Porosmedia.com – Dunia sains mengenal Matahari sebagai entitas yang luar biasa stabil. Secara ilmiah, Matahari melakukan fusi nuklir dengan mengubah hidrogen menjadi helium, sebuah proses yang menghasilkan energi sekitar 3.8 \times 10^{26} Watt setiap detiknya. Stabilitas inilah yang menjaga orbit Bumi tetap presisi.
Namun, jika kita menarik metafora ini ke dalam konteks ekonomi Indonesia—khususnya mengenai fenomena “Pasar dan Proyek”—ada kontradiksi yang perlu kita bedah secara kritis.
1. Koreksi Filosofis: Keabadian vs. Entropi
Secara data astronomi, Matahari memang pusat tata surya, namun ia tidak “diam di koordinat nol”. Matahari bergerak mengelilingi pusat galaksi Bima Sakti dengan kecepatan sekitar 220 km/detik.
Kritik Ekonomi: Jika pasar dan proyek dianggap sebagai “sumber pertumbuhan uang” yang bersifat abadi tanpa pengelolaan yang dinamis, kita terjebak dalam mitos. Budaya proyek di Indonesia seringkali bersifat musiman dan jangka pendek. Menganggap proyek sebagai “komoditi budaya” tanpa adanya inovasi berkelanjutan justru akan menciptakan bubble ekonomi yang rapuh.
2. Pasar dan Proyek: Dari Budaya Konsumtif ke Produktif
Pesan di atas menyebutkan bahwa pasar dan proyek telah menjadi budaya. Secara sosiologi ekonomi, ini adalah peringatan.
- Faktanya: Ketergantungan pada proyek (terutama yang bersumber dari APBN/APBD) seringkali menciptakan ekonomi biaya tinggi.

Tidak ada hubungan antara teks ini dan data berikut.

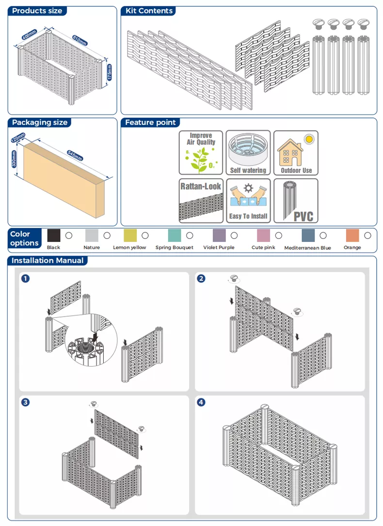 Mỗi chiếc giường sân vườn bằng nhựa bất tử hình chữ nhật đều có sách hướng dẫn lắp ráp minh họa chi tiết, đánh dấu rõ ràng các bước lắp đặt và lưu ý của từng bộ phận. Nếu bạn gặp bất kỳ câu hỏi nào trong quá trình lắp ráp, bạn có thể liên hệ với chúng tôi bất cứ lúc nào thông qua dịch vụ khách hàng trực tuyến, đường dây nóng chính thức hoặc các kênh khác, chúng tôi sẽ cung cấp hướng dẫn trực tiếp bằng video hoặc văn bản để đảm bảo bạn hoàn tất quá trình cài đặt một cách suôn sẻ.

- Data: Berdasarkan laporan efisiensi modal (ICOR), Indonesia seringkali memiliki angka yang lebih tinggi dibanding negara tetangga, yang mengindikasikan bahwa investasi (proyek) belum tentu menghasilkan output ekonomi yang maksimal jika hanya dipandang sebagai “bagi-bagi komoditi”.
3. “Event” sebagai Komoditi Baru
Gagasan mengenai event sebagai sumber ekonomi baru sangat relevan dengan data saat ini. Sektor MICE (Meeting, Incentive, Convention, and Exhibition) terbukti menjadi multiplier effect bagi UMKM dan pariwisata. Namun, agar event tidak sekadar menjadi seremonial belaka, ia harus meniru sifat Matahari: Konsistensi.
Membangun ekonomi yang berpusat pada stabilitas seperti tata surya memerlukan tiga pilar utama:
- Transparansi Orbit: Sebagaimana hukum gravitasi Newton F = G \frac{m_1 m_2}{r^2} yang bersifat pasti, regulasi pasar dan proyek harus transparan. Ketidakpastian hukum adalah “lubang hitam” yang akan menghancurkan sistem ekonomi.
- Kecepatan Tetap (Kestabilan): Pertumbuhan uang tidak boleh terjadi karena manipulasi sesaat, melainkan karena perputaran nilai (kecepatan orbit) yang konsisten melalui produksi, bukan sekadar perantara proyek.
- Filosofi Kebermanfaatan: Matahari memberi tanpa meminta kembali. Proyek strategis harus berorientasi pada kemaslahatan publik jangka panjang, bukan sekadar penyerapan anggaran di akhir tahun.:
Menjadikan pasar, proyek, dan event sebagai pusat pertumbuhan adalah langkah berani, namun ia harus dikelola dengan presisi sains. Kita tidak boleh hanya menjadi “planet” yang pasif mengelilingi modal, melainkan harus menjadi ekosistem yang mampu menghasilkan energi mandiri demi keberlangsungan hidup bangsa.